Título: O final melancólico da CPI das Sanguessugas
Autor:
Fonte: Valor Econômico, 18/12/2006, Opinião, p. A12

A Comissão Parlamentar Mista de Inquérito (CPMI) das Sanguessugas começou bem. Contra tudo e contra todos, foi instalada e em 52 dias aprovou relatório parcial com pedido de abertura de processo por quebra de decoro parlamentar contra 69 deputados e 3 senadores, em um alcance sem precedentes.

O relatório foi aprovado por unanimidade, contrariando as forças políticas dominantes no Congresso.
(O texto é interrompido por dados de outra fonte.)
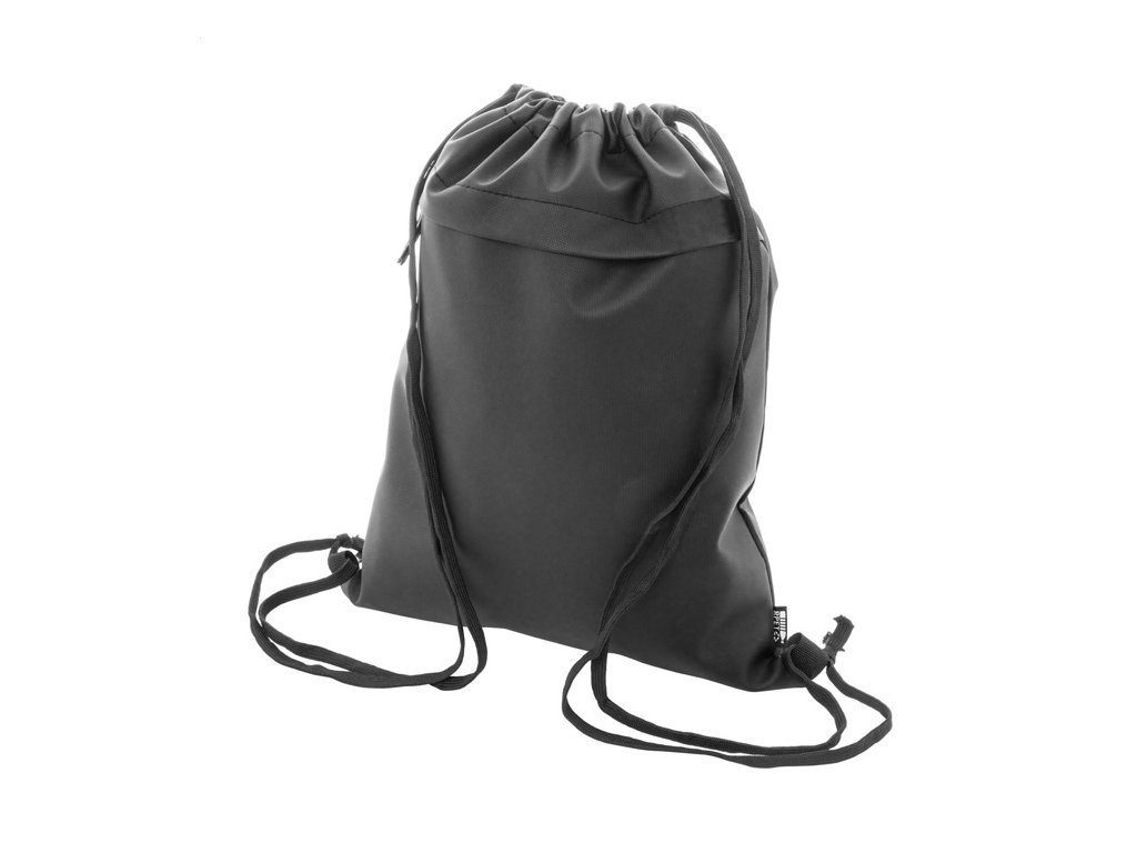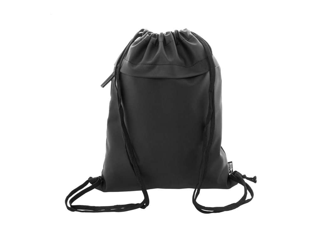 RPET vak so sťahovacou šnúrkou, s prednou stranou potiahnutou PU a predným vreckom na zips. Polyester 600D RPET potiahnutý PU s výrazným štítkom RPET.

E nomes até então intocáveis, como o do senador Ney Suassuna (PMDB-PB), líder do PMDB, amigo do presidente do Senado, Renan Calheiros, e do ex-presidente da República, senador José Sarney, foram arrastados para as investigações e banidos da próxima legislatura. Suassuna tentou se reeleger para o Senado, mas não conseguiu. Já os principais atores da comissão, os deputados Fernando Gabeira (PV-RJ), Raul Jungmann (PPS-PE) e Carlos Sampaio (PSDB-SP) ficaram entre os mais votados em seus Estados.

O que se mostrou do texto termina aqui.